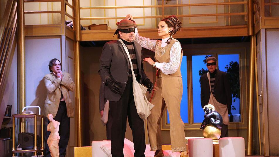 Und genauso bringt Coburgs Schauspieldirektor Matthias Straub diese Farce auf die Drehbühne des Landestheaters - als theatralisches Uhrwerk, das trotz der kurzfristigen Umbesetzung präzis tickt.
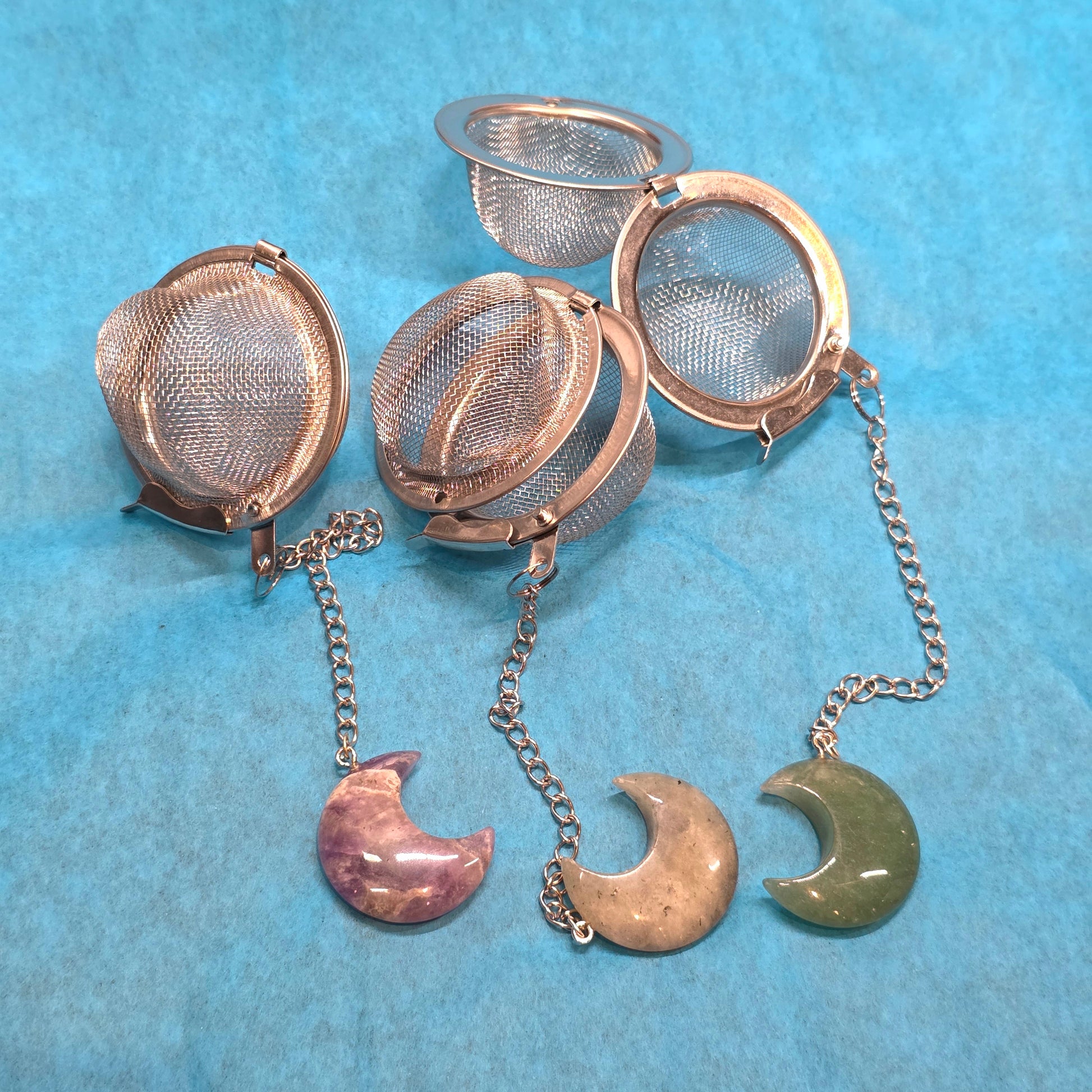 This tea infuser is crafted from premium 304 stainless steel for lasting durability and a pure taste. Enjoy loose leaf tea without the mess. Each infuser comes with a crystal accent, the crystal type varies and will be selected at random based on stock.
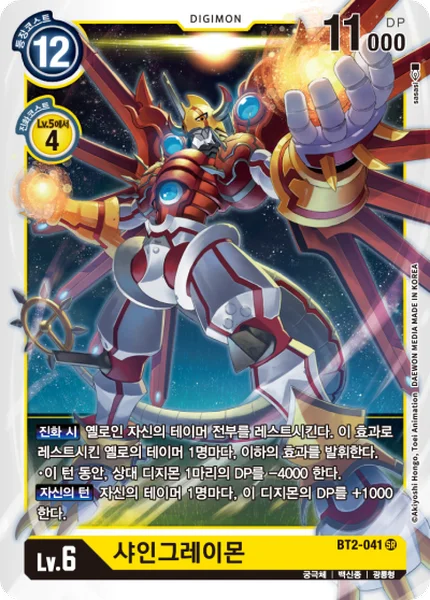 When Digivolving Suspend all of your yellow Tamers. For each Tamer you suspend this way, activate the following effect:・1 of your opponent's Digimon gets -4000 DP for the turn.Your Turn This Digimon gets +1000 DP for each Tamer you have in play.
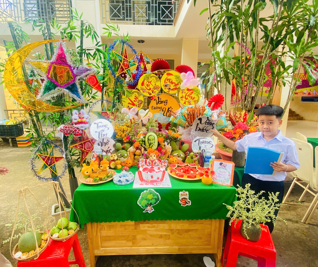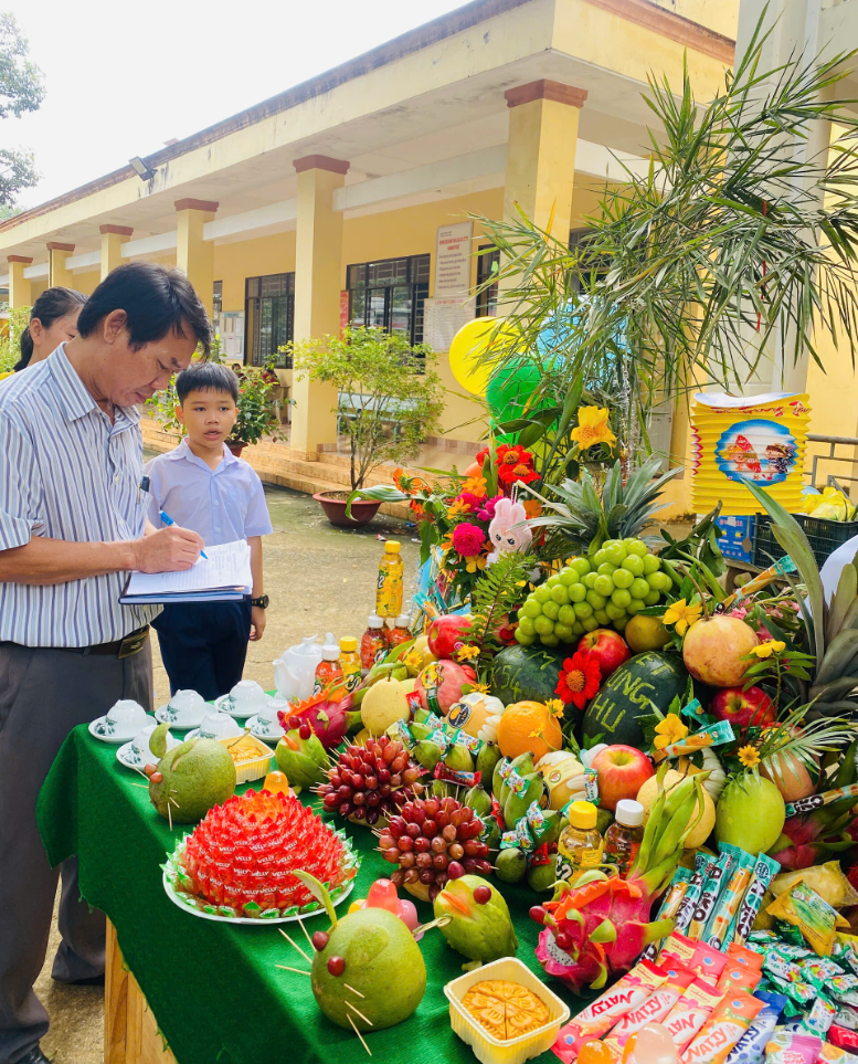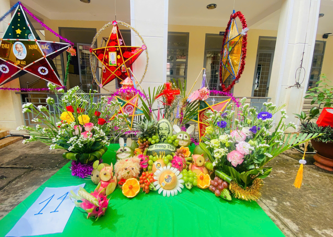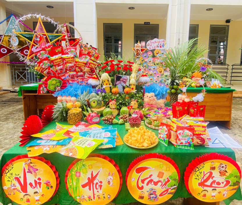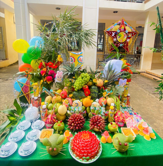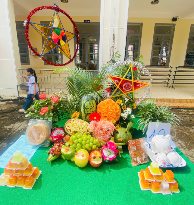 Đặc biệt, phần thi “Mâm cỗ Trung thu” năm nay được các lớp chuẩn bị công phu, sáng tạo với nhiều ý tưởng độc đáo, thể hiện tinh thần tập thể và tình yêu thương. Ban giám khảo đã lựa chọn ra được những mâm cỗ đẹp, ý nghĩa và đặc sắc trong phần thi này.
---
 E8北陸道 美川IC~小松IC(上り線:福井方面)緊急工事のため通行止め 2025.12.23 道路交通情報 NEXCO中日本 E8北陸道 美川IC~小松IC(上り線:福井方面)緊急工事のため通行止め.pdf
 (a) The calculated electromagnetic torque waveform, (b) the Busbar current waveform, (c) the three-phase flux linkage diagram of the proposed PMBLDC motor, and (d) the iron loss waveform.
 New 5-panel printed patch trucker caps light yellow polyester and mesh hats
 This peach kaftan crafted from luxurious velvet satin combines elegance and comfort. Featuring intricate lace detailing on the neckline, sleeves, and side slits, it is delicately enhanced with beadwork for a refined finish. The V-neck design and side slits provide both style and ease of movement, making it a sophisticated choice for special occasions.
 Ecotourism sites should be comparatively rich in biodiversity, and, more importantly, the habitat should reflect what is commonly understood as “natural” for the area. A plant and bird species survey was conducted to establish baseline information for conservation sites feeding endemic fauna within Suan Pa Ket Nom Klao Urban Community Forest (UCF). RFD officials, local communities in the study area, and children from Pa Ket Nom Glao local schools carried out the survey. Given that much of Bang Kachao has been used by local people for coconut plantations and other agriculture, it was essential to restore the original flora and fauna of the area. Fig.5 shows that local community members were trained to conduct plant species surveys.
---
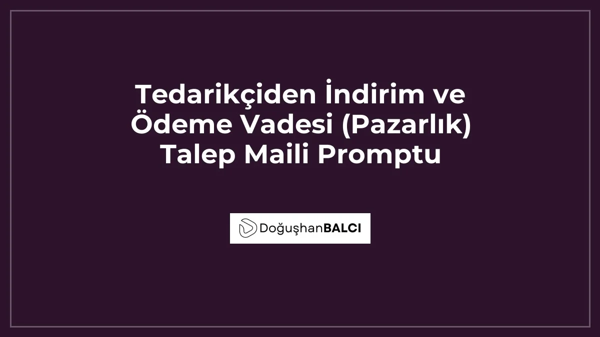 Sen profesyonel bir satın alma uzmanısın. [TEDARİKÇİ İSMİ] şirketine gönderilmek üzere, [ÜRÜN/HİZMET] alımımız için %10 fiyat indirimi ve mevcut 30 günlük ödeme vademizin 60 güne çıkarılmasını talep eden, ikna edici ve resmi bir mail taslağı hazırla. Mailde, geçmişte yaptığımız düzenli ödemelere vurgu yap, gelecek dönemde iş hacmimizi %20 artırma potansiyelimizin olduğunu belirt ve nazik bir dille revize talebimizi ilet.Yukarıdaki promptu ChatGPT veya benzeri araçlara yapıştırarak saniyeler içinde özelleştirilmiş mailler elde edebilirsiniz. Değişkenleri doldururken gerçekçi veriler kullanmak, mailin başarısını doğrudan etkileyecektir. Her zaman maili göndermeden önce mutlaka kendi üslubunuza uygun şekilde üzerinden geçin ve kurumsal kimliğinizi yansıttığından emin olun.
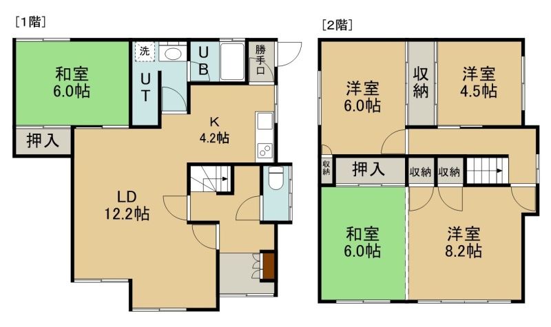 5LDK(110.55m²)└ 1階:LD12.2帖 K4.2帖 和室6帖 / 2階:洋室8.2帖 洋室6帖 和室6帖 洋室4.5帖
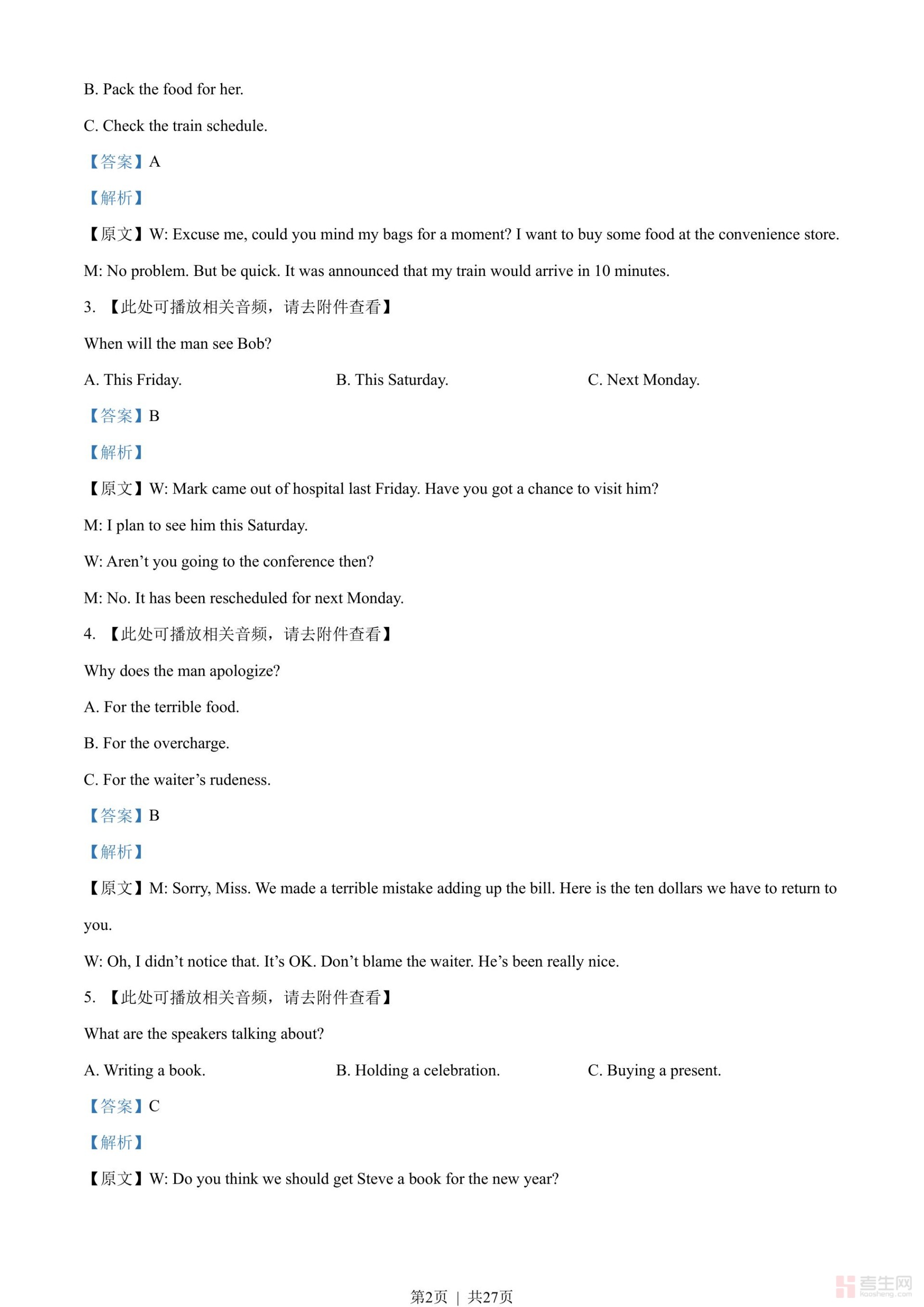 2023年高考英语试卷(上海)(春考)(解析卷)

THE TASK:
In your answer, include only the lines above starting at the line that holds "New 5-panel printed" and ending at the line that holds "This peach kaftan", copied exactly.

RESPONSE AREA:
 New 5-panel printed patch trucker caps light yellow polyester and mesh hats
 This peach kaftan crafted from luxurious velvet satin combines elegance and comfort. Featuring intricate lace detailing on the neckline, sleeves, and side slits, it is delicately enhanced with beadwork for a refined finish. The V-neck design and side slits provide both style and ease of movement, making it a sophisticated choice for special occasions.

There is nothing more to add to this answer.